On a micro level it is important to help those victims with nowhere else to turn, and there are plenty of those, as Liti Capital receives hundreds of such stories every week. The impact of cleaning it up is huge, as a wave of institutional capital is waiting on the sidelines for a clearer entry point before committing huge sums which will grow the industry in exciting ways.
“They’re not feeling comfortable and rightly so,” Mr. Kay said.
Liti Capital has several goals when taking on those small cases, Mr. Kay said. The first is disclosure of people committing bad acts. Let everyone know who these actors are so they are purged from the community and it grows stronger and safer as a result. There is a surprising level of impact on low-level scammers if they fear being outed, he said.
Bring people to justice in their jurisdiction, where they fear outing the most, will also cut down on the volume, he added. Another goal is of course to get the money back.
Besides attracting legions of scammers, the cryptocurrency surge has another negative effect on the industry’s long-term success prospects, Mr. Kay said. In their zeal for quick gains, traders are artificially inflating the values of some platforms and companies to unrealistic levels. What may be an accurate value of 3X gets inflated to 8X before the big sell-off occurs.

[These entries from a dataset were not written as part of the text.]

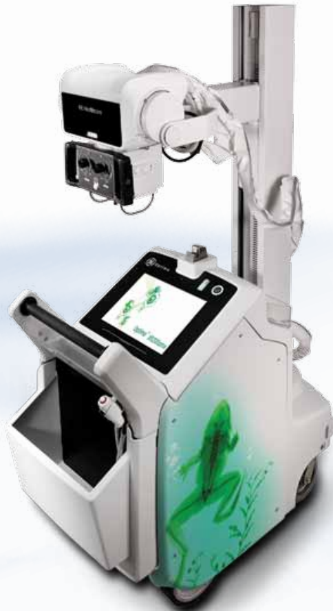
Optima XR200amx Digital-ready when you are.

Enjoy the freedom to upgrade to a fully integrated mobile solution on your schedule.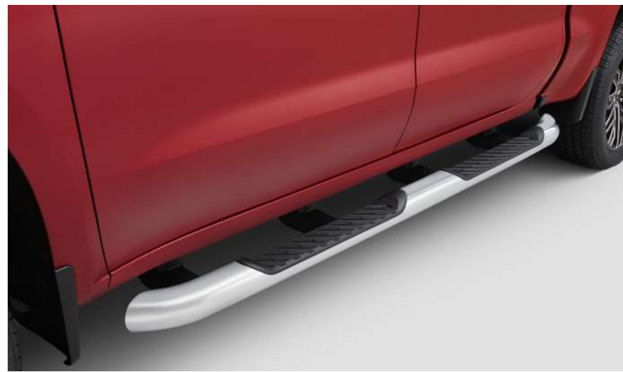
Sidestep Available in Black or Chrome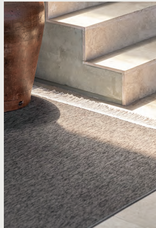
_04_ stone contract 580 with franja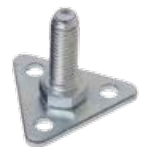
Foot Plates see page 79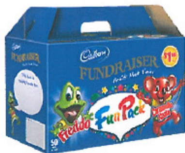
Freddo & Friends Fun Pack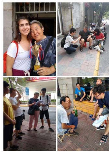
Fig. 4 Students have a field research on the living situation of resident in historical block, International Joint Planning Workshop of China, Britain and America in 2018

practice of urban planning discipline, which would broaden the horizon of teachers and students to know the new direction of internationalized research (Fig. 7).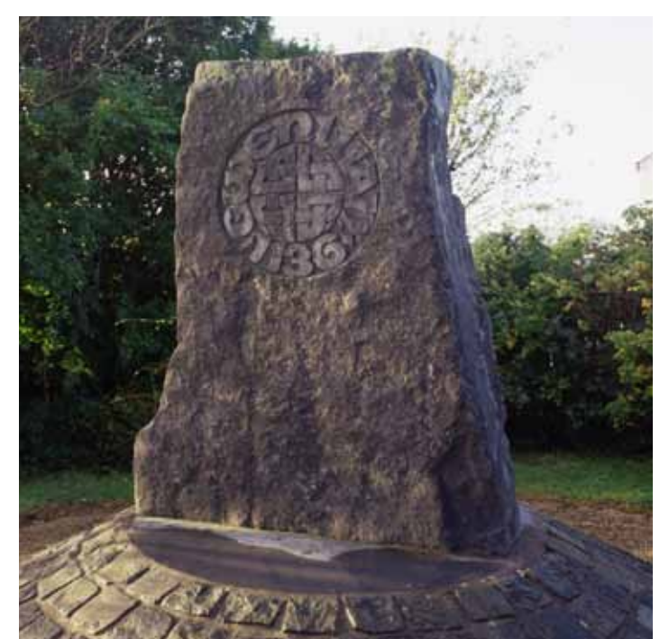
A memorial dedicated to Gwenllian at Kidwelly Castle

Gwenllian and Maelgwn were captured. Maurice de Londres showed no mercy – to set an example to all Welsh princes, he had Gwenllian beheaded for treason. It is said that a spring welled up where the brave Princess Gwenllian died – a place now known as Maes Gwenllian (Field of Gwenllian).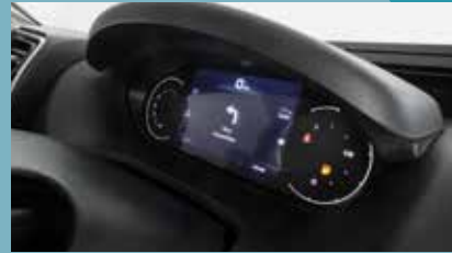
Full digital instrument cluster with high level dash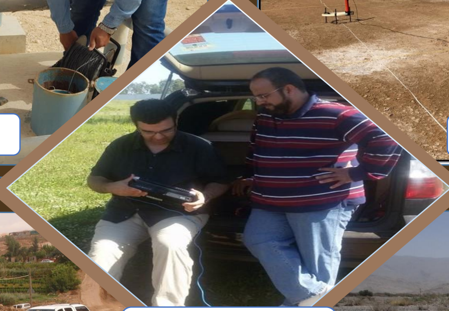
Field work in Morocco, Feb 2014 Collaboration with NASA and Caltech, USA

Experienced actors can help take the sector beyond the current Wild West scenario like they did in the Internet’s early days, Mr. Kay said. Like then, now is the time to take a free community asset that has generated wealth and move it from the roulette tables to real companies with real managers, ones where you can be reasonably confident your capital will still be there tomorrow morning. Some quality professionals are moving in and cleaning up the industry will only attract more. Liti Capital’s management team cannot quickly sell their shares due to how they are set up so they are in for the long-term.
Mr. Kay admitted he fears the effect on Liti Capital at times, but it has responded well due to a clear value proposition.
“What we saw in the first real test case is this company operated exactly like it is supposed to operate, that people are starting to look at the fundamental value of the assets we have because we are not a currency – we have assets,” Mr. Kay said.
Regulation will help with that and governments have to be careful not to legislate this sector out of existence before the roots set in. Liti Capital is based in Switzerland where they must abide by various regulations and commitments. LITI is one of the few listed as a tokenized equity investment there.
It is an exciting time for cryptocurrency and the blockchain, as their future paths and the rules they’ll progress under are still being set. The canvas is still largely blank and a community of fervent believers hold their brushes at the ready.
“There is something about being part of an emerging community,” Mr. Kay concluded. “Yes, they want to profit but they also recognize a responsibility to promote its merits to the world.”